Task details:
Only the lines from the one holding "Music To Putin's" to the end of the data should be echoed, exactly as they appear, minus the pictures.

Given data:
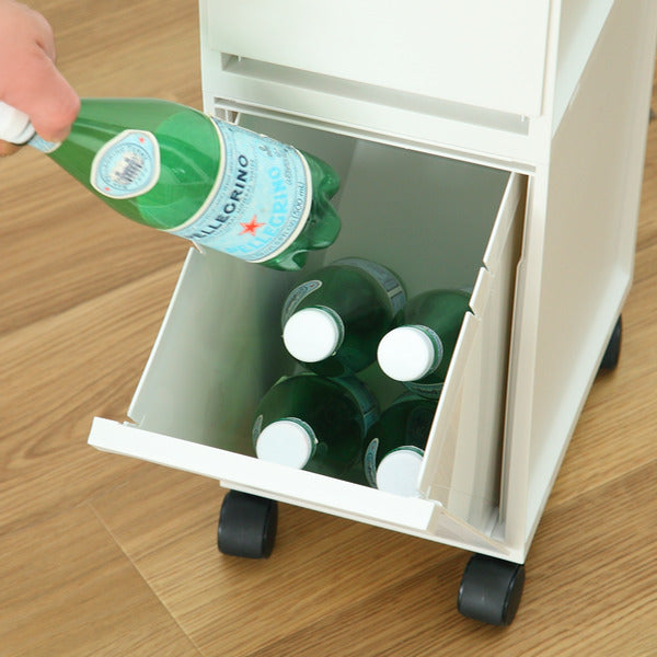 キッチン周りに置いて水や保存食等の保管や、洗面所に置いて洗剤類などストッカーとしても使用できます。引き出し容量は約10Lで、500mlのペットボトルを約9本、350mlの缶を約13本入れることができます。
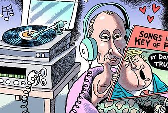 Music To Putin's EarsPolitical Cartoon is by Rob Rogers at Tinyview.com.
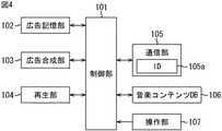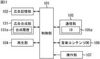 制御部101は、携帯端末11の全体の動作を制御する。広告記憶部102は、制御部101により制御され、通信部105を介して配信装置12より配信される広告データを記憶する。広告合成部103は、音楽コンテンツを再生するとき、音楽コンテンツDB(データベース)106から読み出された音楽コンテンツに、広告記憶部102より読み出された広告データを合成し、再生部104に出力する。再生部104は、広告合成部103より供給された、広告データが合成されている音楽コンテンツ、または、広告データが合成されていない音楽コンテンツを再生し、スピーカなどから出力させる。

The completed task:
 Music To Putin's EarsPolitical Cartoon is by Rob Rogers at Tinyview.com.
 制御部101は、携帯端末11の全体の動作を制御する。広告記憶部102は、制御部101により制御され、通信部105を介して配信装置12より配信される広告データを記憶する。広告合成部103は、音楽コンテンツを再生するとき、音楽コンテンツDB(データベース)106から読み出された音楽コンテンツに、広告記憶部102より読み出された広告データを合成し、再生部104に出力する。再生部104は、広告合成部103より供給された、広告データが合成されている音楽コンテンツ、または、広告データが合成されていない音楽コンテンツを再生し、スピーカなどから出力させる。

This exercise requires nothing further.